This semester, FSU became the newest consortial member of Atlanta’s Census Research Data Center. Funded primarily by the College of Social Sciences and the Office of Research, the Florida State community can now use Census micro-data without paying lab fees, which can range upwards of $15,000 per project. There are currently 18 Census Research Data Centers in the United States, and outside of North Carolina’s Research Triangle the only one located in the southeastern United States is The Federal Reserve Bank of Atlanta.
So, what is a Census Research Data Center? The Center for Economic Studies defines Census Research Data Centers (RDCs) as U.S. Census Bureau facilities, staffed by a Census Bureau employee, which meet all physical and computer security requirements for access to restricted–use data. At RDCs, qualified researchers with approved projects receive restricted access to selected non–public Census Bureau data files.

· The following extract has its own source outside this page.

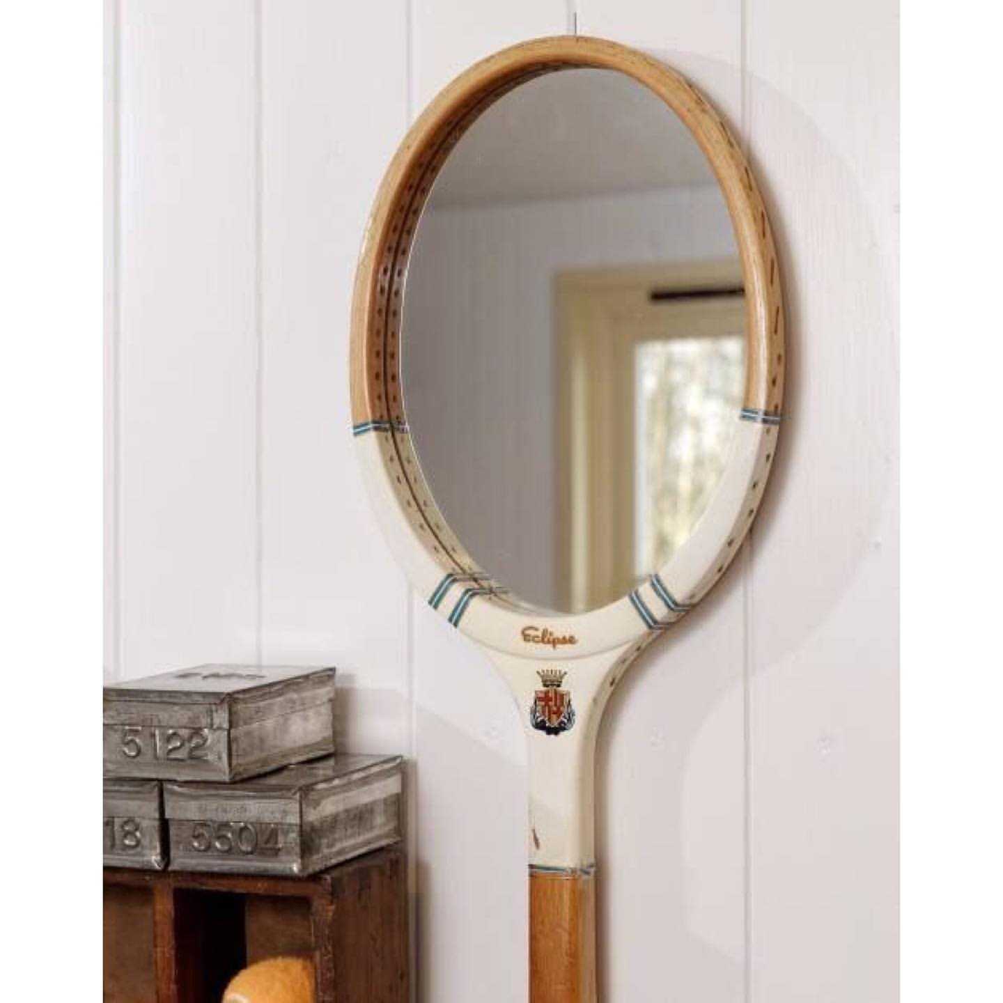 Старые ракетки также могут выступить в качестве обрамления для зеркала. Найти готовое подходящее зеркало может быть проблематично. Но вырезать подходящий размер и форму можно в мастерской, специализирующейся на работе со стеклом.

To understand the true value of doing research with non-public data from the RDC, it’s important to note the difference between micro data and macro data, which is often referred to as aggregate data. When most of us use datasets for research or analysis, we’re looking at summary figures. For example, if you extract Census data for analysis, you’re typically looking at some sort of summary or aggregation for a specific geographic unit. These geographic units range from state, county, city as well as much smaller units such as census tracts and block groups. Regardless of unit of analysis, the data itself is a summarization of individual survey responses for participants in that specific area.